> [EXERCISE DETAILS]
Print exactly the lines below between the line containing "отсюда MN=(5+8)/2" and the line containing "Jeśli chodzi o", counting both of those lines. Leave pictures out.
(RECORD EXTRACTS begins)
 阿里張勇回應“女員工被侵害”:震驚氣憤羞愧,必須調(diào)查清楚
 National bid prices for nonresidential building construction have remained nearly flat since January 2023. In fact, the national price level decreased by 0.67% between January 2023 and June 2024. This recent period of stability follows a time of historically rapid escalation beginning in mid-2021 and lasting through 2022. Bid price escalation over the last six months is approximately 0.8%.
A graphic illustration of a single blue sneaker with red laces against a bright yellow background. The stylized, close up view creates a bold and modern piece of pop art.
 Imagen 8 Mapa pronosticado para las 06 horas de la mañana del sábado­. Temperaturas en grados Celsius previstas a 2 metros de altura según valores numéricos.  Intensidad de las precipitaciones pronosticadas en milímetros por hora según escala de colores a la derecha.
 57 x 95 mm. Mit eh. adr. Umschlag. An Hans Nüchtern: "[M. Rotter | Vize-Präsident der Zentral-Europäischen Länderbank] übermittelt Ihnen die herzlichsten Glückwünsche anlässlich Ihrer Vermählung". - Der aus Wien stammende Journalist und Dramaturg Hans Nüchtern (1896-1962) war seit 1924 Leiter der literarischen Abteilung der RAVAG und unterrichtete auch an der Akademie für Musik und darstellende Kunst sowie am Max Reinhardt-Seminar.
(RECORD EXTRACTS ends)
(RECORD EXTRACTS begins)
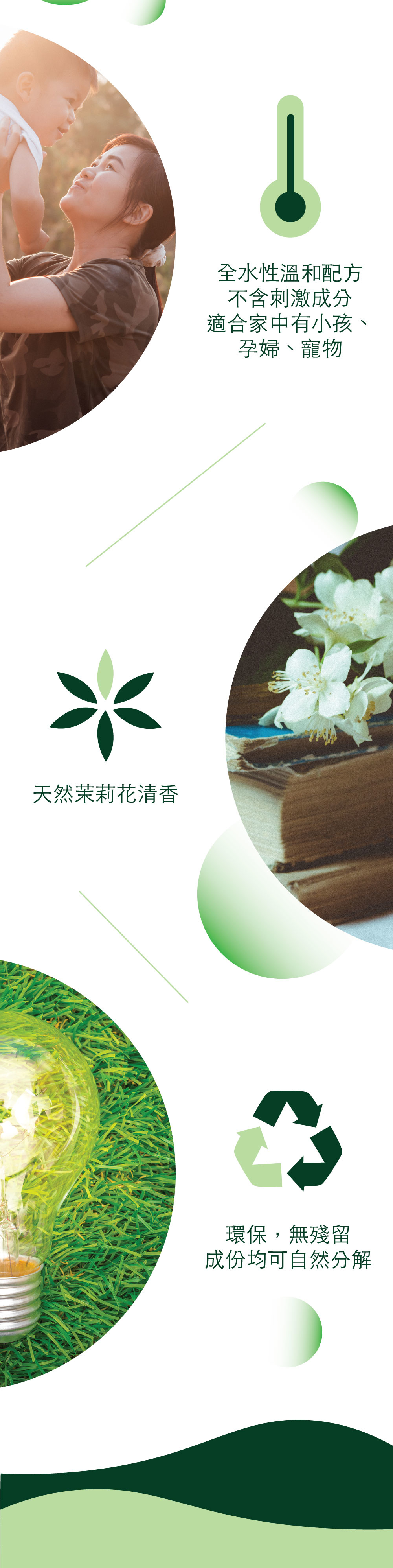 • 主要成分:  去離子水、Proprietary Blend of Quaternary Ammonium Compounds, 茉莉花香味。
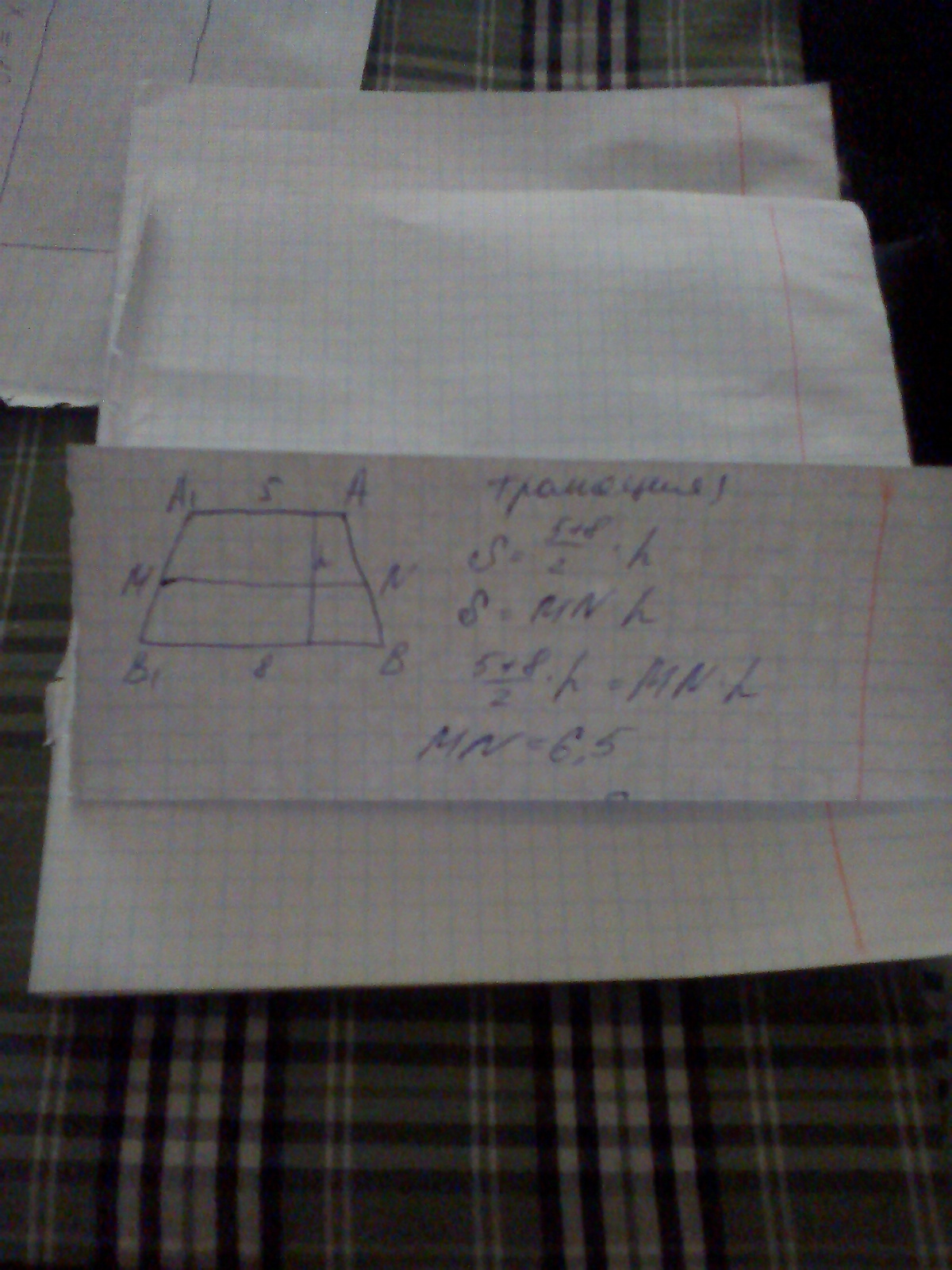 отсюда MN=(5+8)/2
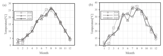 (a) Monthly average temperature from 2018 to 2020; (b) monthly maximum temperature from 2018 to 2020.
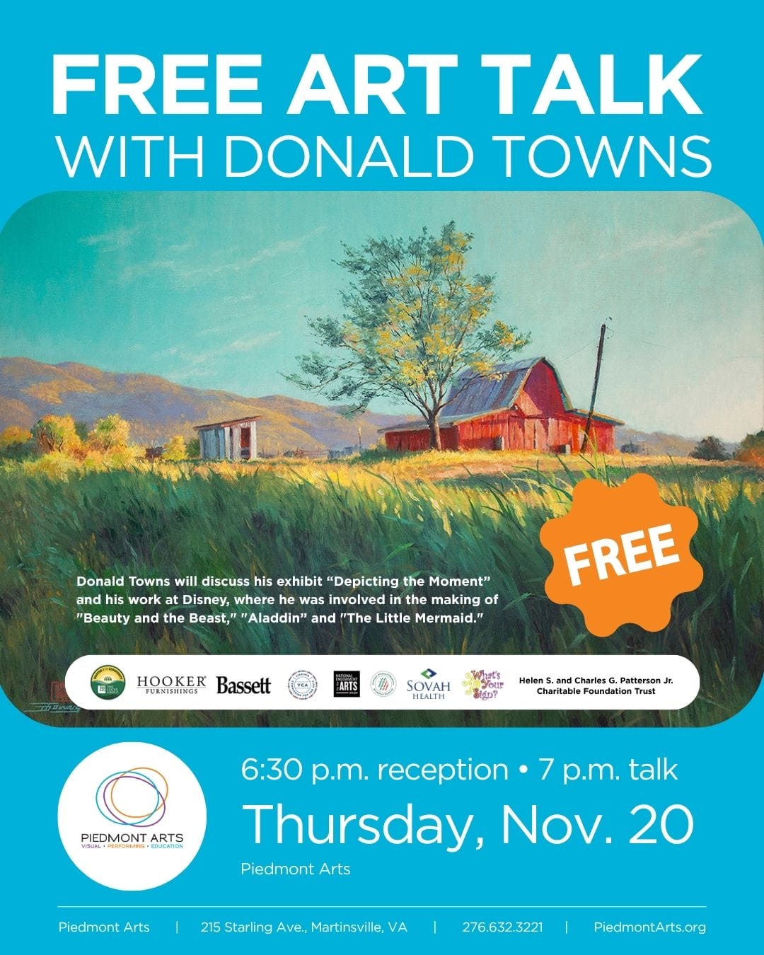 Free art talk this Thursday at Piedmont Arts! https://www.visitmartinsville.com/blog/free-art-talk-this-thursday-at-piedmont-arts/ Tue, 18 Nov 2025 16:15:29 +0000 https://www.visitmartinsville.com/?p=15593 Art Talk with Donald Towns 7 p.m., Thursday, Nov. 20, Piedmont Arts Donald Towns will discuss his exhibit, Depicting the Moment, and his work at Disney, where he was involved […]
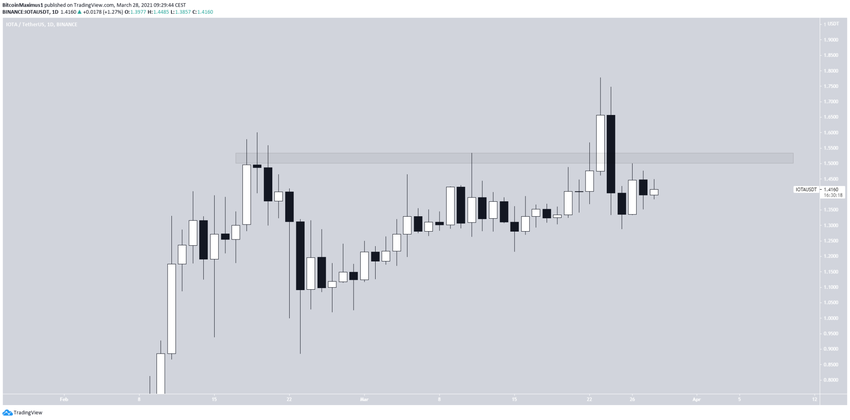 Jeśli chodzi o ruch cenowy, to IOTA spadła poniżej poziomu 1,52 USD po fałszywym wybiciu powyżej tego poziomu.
(RECORD EXTRACTS ends)
> [RESULT]
 отсюда MN=(5+8)/2
 (a) Monthly average temperature from 2018 to 2020; (b) monthly maximum temperature from 2018 to 2020.
 Free art talk this Thursday at Piedmont Arts! https://www.visitmartinsville.com/blog/free-art-talk-this-thursday-at-piedmont-arts/ Tue, 18 Nov 2025 16:15:29 +0000 https://www.visitmartinsville.com/?p=15593 Art Talk with Donald Towns 7 p.m., Thursday, Nov. 20, Piedmont Arts Donald Towns will discuss his exhibit, Depicting the Moment, and his work at Disney, where he was involved […]
 Jeśli chodzi o ruch cenowy, to IOTA spadła poniżej poziomu 1,52 USD po fałszywym wybiciu powyżej tego poziomu.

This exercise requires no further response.